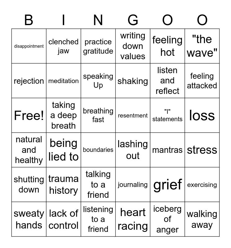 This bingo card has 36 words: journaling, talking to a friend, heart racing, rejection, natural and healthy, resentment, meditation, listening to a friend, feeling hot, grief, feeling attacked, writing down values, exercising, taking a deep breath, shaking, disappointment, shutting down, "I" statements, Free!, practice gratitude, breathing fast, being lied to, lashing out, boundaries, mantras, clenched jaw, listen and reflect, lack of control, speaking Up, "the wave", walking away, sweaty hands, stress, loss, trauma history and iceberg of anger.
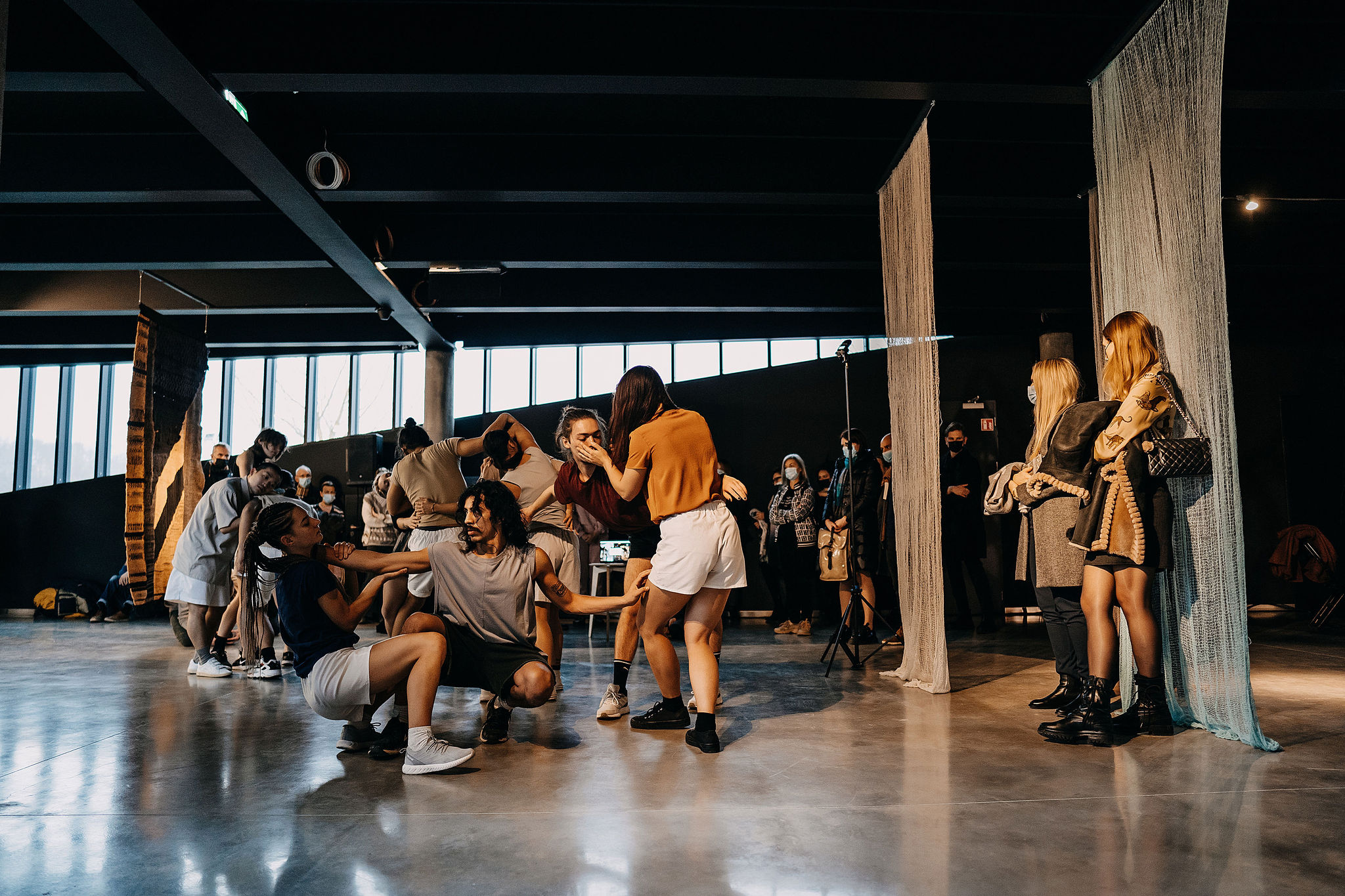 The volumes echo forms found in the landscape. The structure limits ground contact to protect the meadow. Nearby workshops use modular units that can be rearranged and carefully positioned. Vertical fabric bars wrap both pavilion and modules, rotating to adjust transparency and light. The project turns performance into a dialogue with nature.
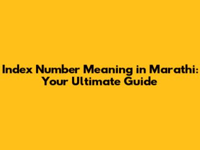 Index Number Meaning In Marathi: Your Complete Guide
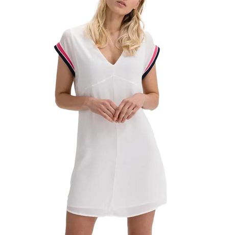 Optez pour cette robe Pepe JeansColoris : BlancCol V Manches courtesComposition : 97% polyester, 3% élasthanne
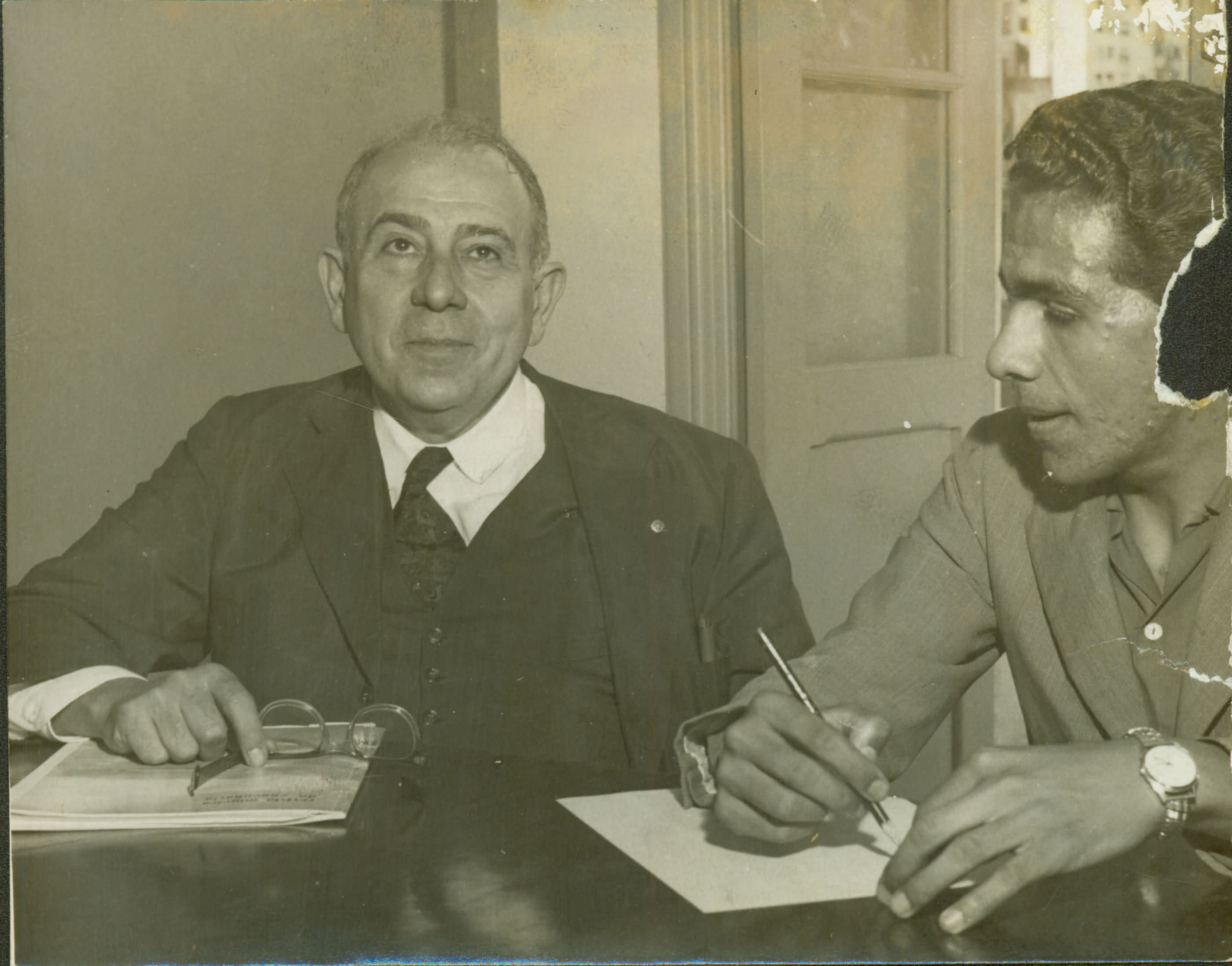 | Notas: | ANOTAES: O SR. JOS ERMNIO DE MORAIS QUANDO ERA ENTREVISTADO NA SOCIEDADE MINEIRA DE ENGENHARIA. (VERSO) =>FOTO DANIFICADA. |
==========
What the task requires: Now reproduce all of the entries precisely, with no pictures in the copy.

Exercise answer:
 This bingo card has 36 words: journaling, talking to a friend, heart racing, rejection, natural and healthy, resentment, meditation, listening to a friend, feeling hot, grief, feeling attacked, writing down values, exercising, taking a deep breath, shaking, disappointment, shutting down, "I" statements, Free!, practice gratitude, breathing fast, being lied to, lashing out, boundaries, mantras, clenched jaw, listen and reflect, lack of control, speaking Up, "the wave", walking away, sweaty hands, stress, loss, trauma history and iceberg of anger.
 The volumes echo forms found in the landscape. The structure limits ground contact to protect the meadow. Nearby workshops use modular units that can be rearranged and carefully positioned. Vertical fabric bars wrap both pavilion and modules, rotating to adjust transparency and light. The project turns performance into a dialogue with nature.
 Index Number Meaning In Marathi: Your Complete Guide
 Optez pour cette robe Pepe JeansColoris : BlancCol V Manches courtesComposition : 97% polyester, 3% élasthanne
 | Notas: | ANOTAES: O SR. JOS ERMNIO DE MORAIS QUANDO ERA ENTREVISTADO NA SOCIEDADE MINEIRA DE ENGENHARIA. (VERSO) =>FOTO DANIFICADA. |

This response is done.